Members of a congressional supercommittee are weighing a Republican proposal to overhaul the U.S. tax code and limit some individual deductions to help pare the federal deficit, according to an aide familiar with the panel’s deliberations.
The proposal would limit the use of some individual tax breaks mostly used by those in the upper brackets, including the deduction for mortgage interest for a second home, said the aide, who wasn’t authorized to speak publicly. The revenue generated would be used to lower marginal income tax rates and to cut the deficit, the aide said.
The panel faces a Nov. 23 deadline to recommend a debt- reduction plan of at least $1.2 trillion to be voted on by Congress by Dec. 23. Failure to enact a plan would trigger $1.2 trillion in across-the-board domestic and defense spending cuts in 2013.
The aide said other aspects under discussion include cuts in spending on Medicare and other programs, and a change in the way the government measures inflation. A change in the inflation measure would result in smaller cost of living increases for government beneficiaries and some tax increases.
Senator John Kerry of Massachusetts, a Democrat on the supercommittee, criticized the Republican concept.
“Whatever they put there doesn’t get the job done,” he told reporters in Washington. “I would not characterize it as substantial but it is a change,” he said, adding that “we have some distance to travel.”
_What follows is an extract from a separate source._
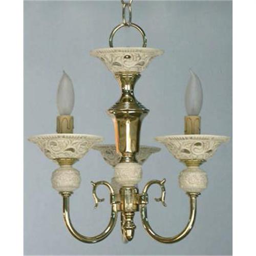 Height: 13" (Body) Width: 13" Extension: N/A Bulb: 3 - 60W Candelabra This mini chandelier is featured in Polished Brass with Fine Bisque Porcelain. Only the highest quality solid brass parts are used. CHAIN: 2ft. supplied Available Finishes Polished Brass Click to Enlarge <BR>Free Shipping in the continental US

Senator Patty Murray of Washington, the Democratic co- leader of the supercommittee, declined to discuss the panel’s deliberations though she also said, “I have yet to see a real, credible plan that raises revenue in a significant way to bring us to a fair and balanced proposal.”
Republicans have resisted increasing taxes as part of a debt-reduction plan. Democrats have been unwilling to consider cuts in spending on entitlement programs such as Medicare without agreement from Republicans to raise more tax revenue.